Gross Enrolment Ratio (GER)

  • Definition: The ratio of total enrolment in a level of education (regardless of age) to the population of the official school-age group for that level, expressed as a percentage.
  • Origin: UNESCO/OECD metric used to measure education system coverage; India tracks GER through UDISE+ and AISHE data.
  • UPSC: India's higher education GER = 28.4% (AISHE 2021-22 — latest published report; 2022-23 to 2024-25 AISHE reports not released as of April 2026); NEP 2020 target of 50% GER by 2035; compare with Net Enrolment Ratio (NER) which counts only age-appropriate students.

NIPUN Bharat

  • Definition: National Initiative for Proficiency in Reading with Understanding and Numeracy — a mission launched July 5, 2021 to ensure all children achieve foundational literacy and numeracy competencies by Grade 3 (target: 2026–27).
  • Origin: Launched under NEP 2020; implemented through Samagra Shiksha; covers 9 crore children across 28 states/UTs; third-party assessment 2024-25: 48,061 of 64,688 schools evaluated declared "NIPUN."
  • UPSC: ASER 2024 (released Jan 2025) recorded 7 percentage point improvement in both reading and arithmetic in Grade 3 — described as the highest gain in two decades; attributable to NIPUN; target 2026-27 still active; three-tier implementation (national-state-district); Balvatika (pre-primary) added.

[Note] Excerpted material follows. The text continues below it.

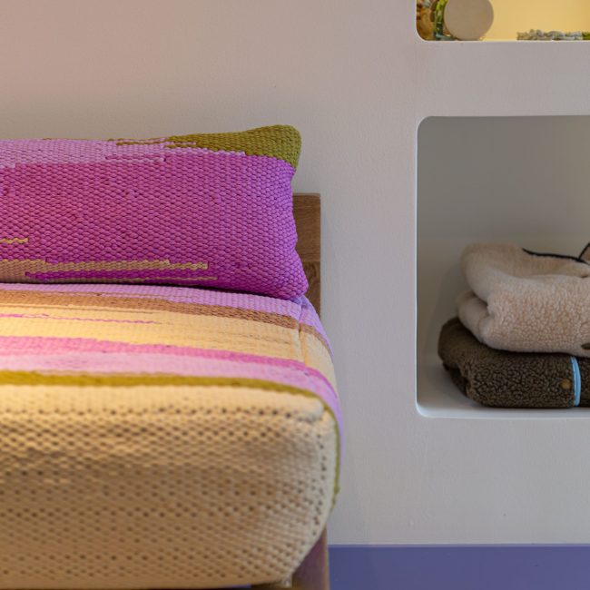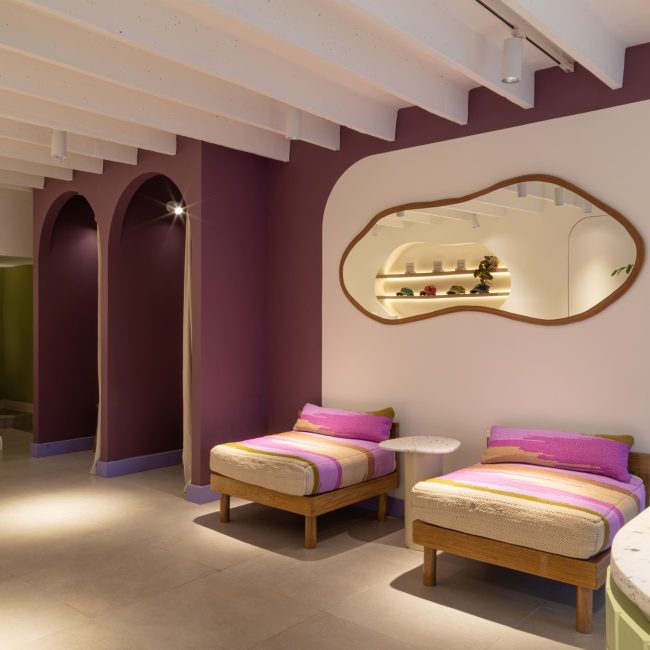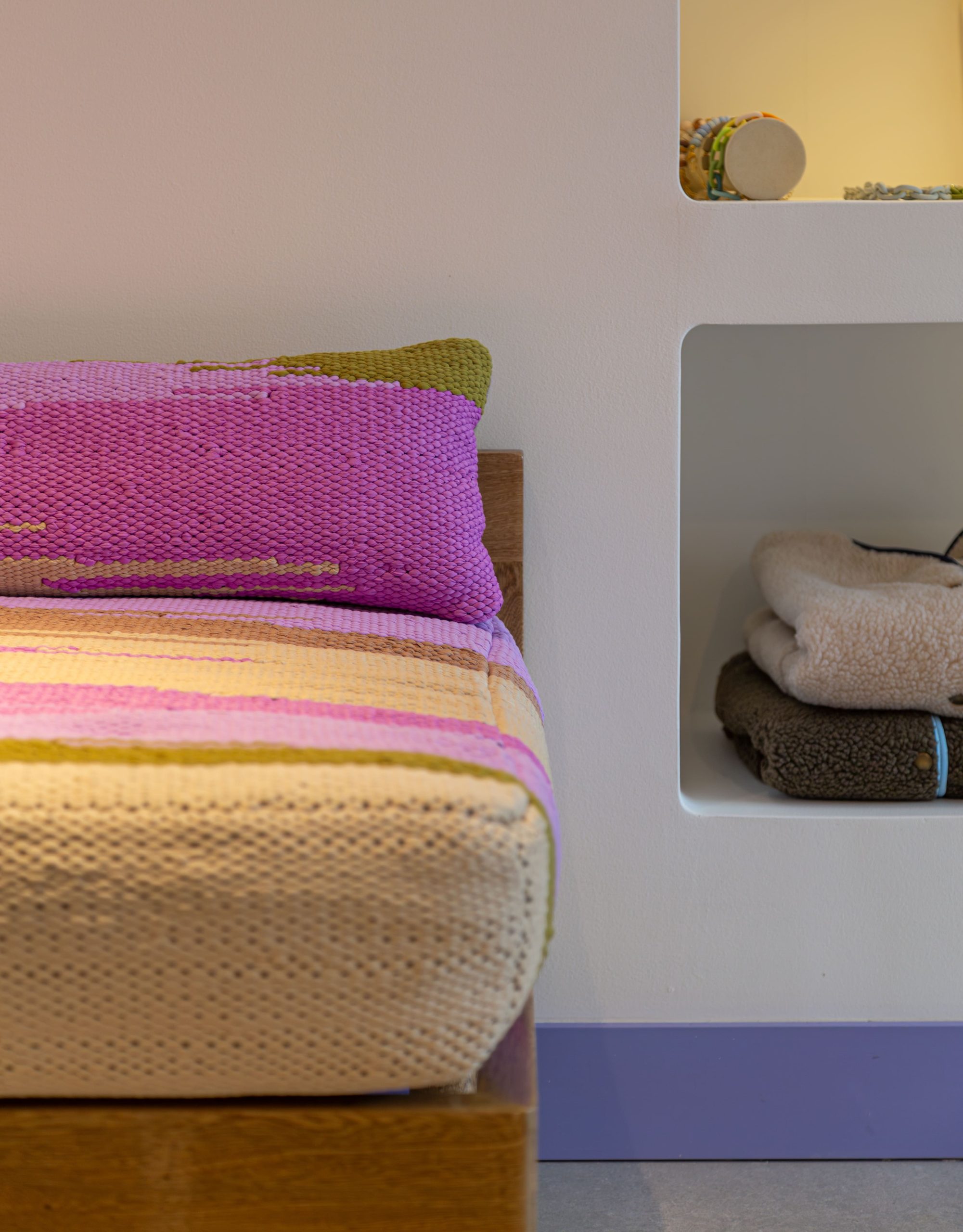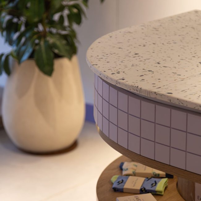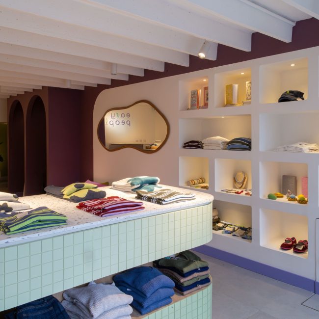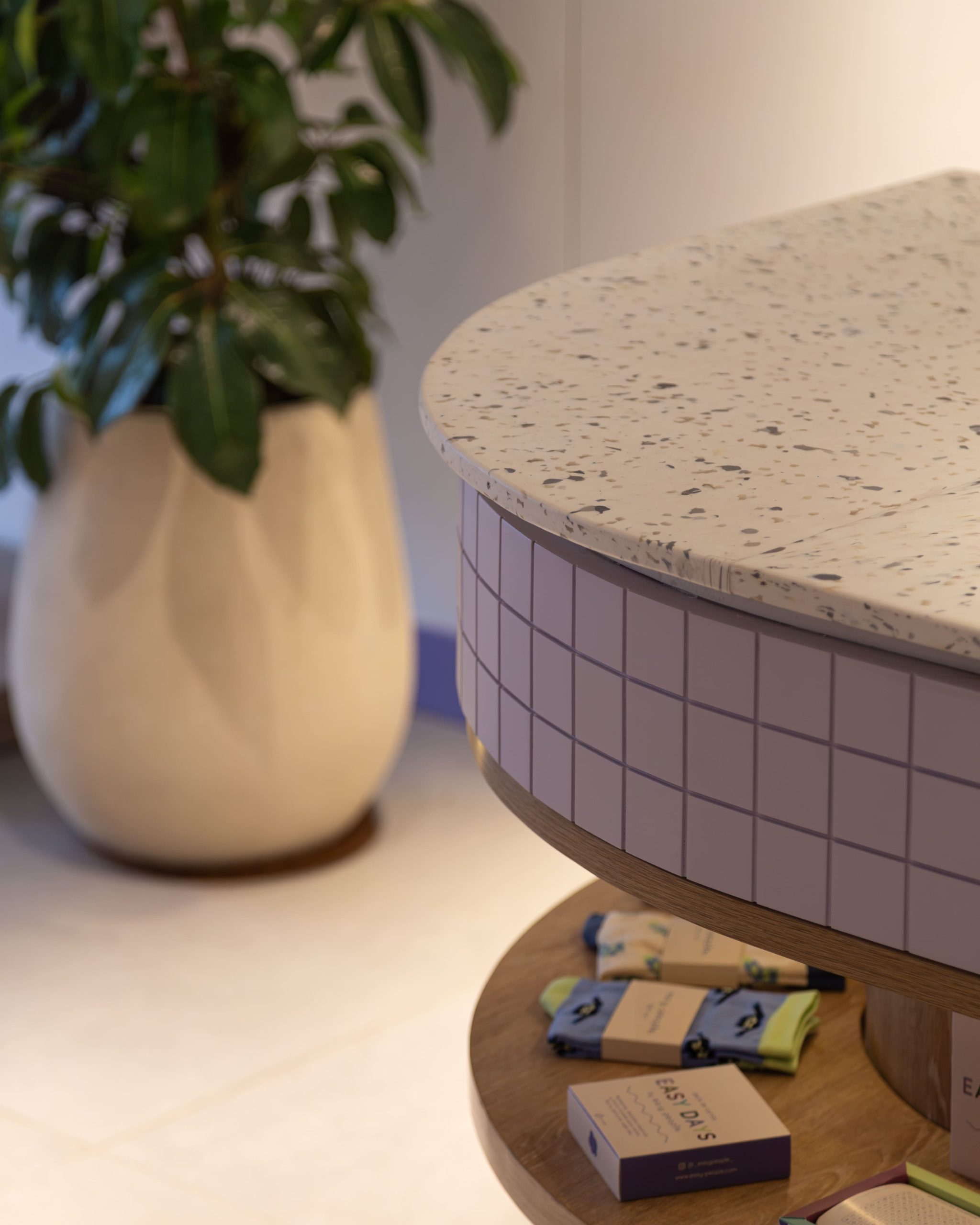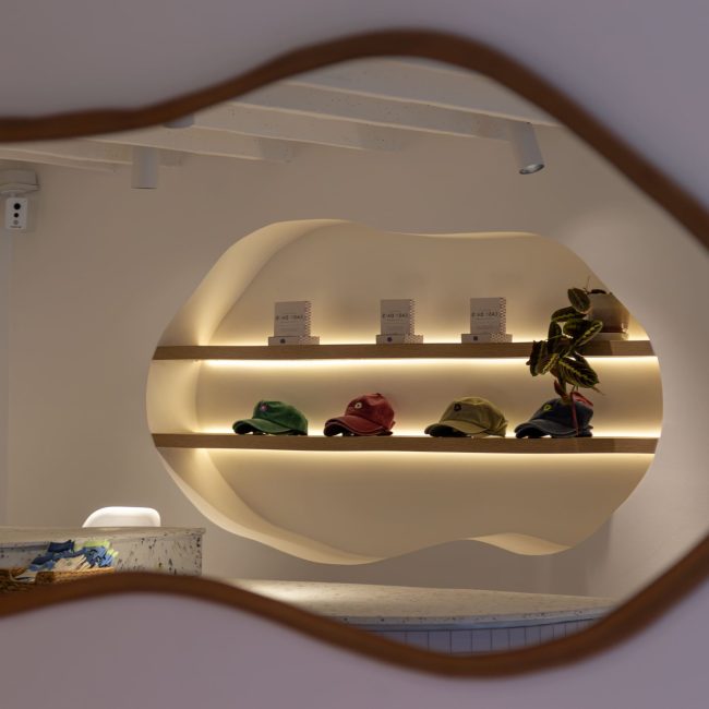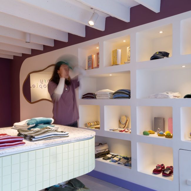 La tienda fue pensada como un lugar amable y cercano, donde los colores suaves, las formas redondeadas y los detalles gráficos generan una atmósfera lúdica y acogedora. Los muebles —diseñados a medida— combinan funcionalidad con carácter, integrándose a una paleta cromática que transmite calma y personalidad a partes iguales. Todo el espacio está organizado para favorecer el recorrido y la interacción, desde el ingreso hasta las zonas de exhibición, el punto de pago y los rincones más contemplativos.

Academic Bank of Credits (ABC)

  • Definition: A national-level digital repository that stores academic credits of students from across higher education institutions, enabling multiple-entry/exit from degree programmes and transfer of credits between institutions.
  • Origin: Operationalised under NEP 2020; each student gets an ABC ID via DigiLocker; launched 2021; over 57 million ABC IDs created as of 2025; mandatory for UG enrolment in universities implementing NEP from 2024-25.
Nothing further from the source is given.